Just born at 12:13 this morning, little Jason Mathew weighing 7lbs3oz! I think the nurse checking him over will find a decent amount of mud in his blood! I will post a pic as soon as im on a full comp!


----------



## southernbrute750 (Jul 5, 2011)

Congratulations on the new family addition!


----------



## BrutemanAl (Jul 3, 2009)

congrats :rockn:


----------



## Shrek (Oct 4, 2011)

Congrats! Prayers for healthy baby and momma


---
I am here: http://maps.google.com/maps?ll=30.396751,-94.168230


Wishing I was riding instead of using Tapatalk


----------



## bayou_boy_22 (Mar 13, 2009)

Congrats


----------



## Litenyaup (Aug 28, 2011)

Congrats!! I will be there soon my wife is about 12 weeks in.


----------



## drtj (May 3, 2009)

Congrats!!!


----------



## enraged350 (Mar 1, 2011)

Thanks guys! He's doing great and definitely has a set of pipes on him! Went by so fast!


----------



## Big D (Jun 23, 2009)

That's great! Congratulations to you all.

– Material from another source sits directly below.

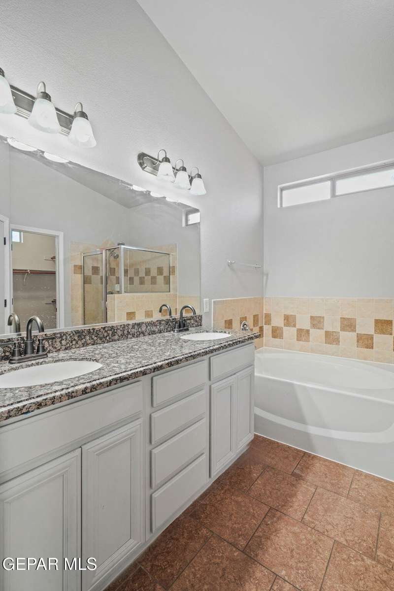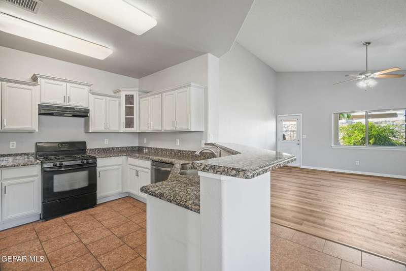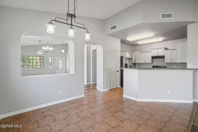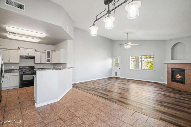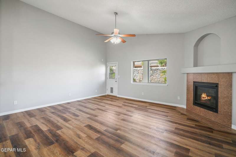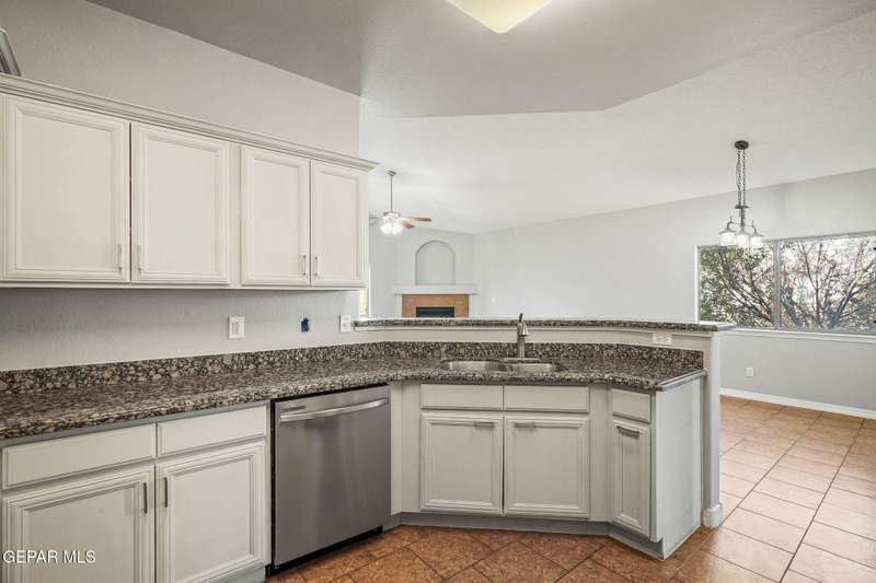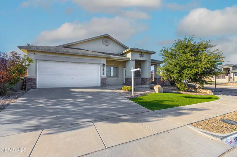 This beautiful home offers 3 bedrooms, 2 bathrooms, and a versatile flex room-ideal for a home office, playroom, or extra living space. You'll love the open-concept layout with high ceilings, elegant finishes, and an abundance of natural light. The kitchen features granite countertops and stainless steel appliances, perfect for cooking and entertaining. The serene primary suite includes a walk-in closet and a luxurious jetted tub for relaxing after a long day. Step outside to a landscaped backyard that's perfect for gatherings or quiet evenings. Located in a desirable neighborhood close to schools, shopping, and Fort Bliss. Pets: Negotiable with a non-refundable fee.

Looking forward to seeing pictures of the little guy.


----------



## Polaris425 (Dec 16, 2004)

congrats!!!!!!!!!!!!!!!!!!!!!!!!!!!!!!!


----------



## hp488 (Sep 23, 2009)

Congrats!!


----------



## mcpyro3 (Feb 23, 2011)

Congrats!!! i cant wait till my lil girl is old enough to take her riding with us


----------



## JPs300 (Mar 23, 2011)

huge CONGRATS man! 

My little girl is just past 16 months now, already points at the 4-wheeler and says "ride" anytime she's in the garage.


----------



## enraged350 (Mar 1, 2011)

Thanks again everyone! Mom and son are doing just fine, besides being a little tired.. as far as for me, well they make Monster for that! 
Without further waiting.... PICS!!


----------



## NMKawierider (Apr 11, 2009)

Congrats! Good look'n little guy.


----------



## Big D (Jun 23, 2009)

awwww....what a sweetie 

:birthday:


----------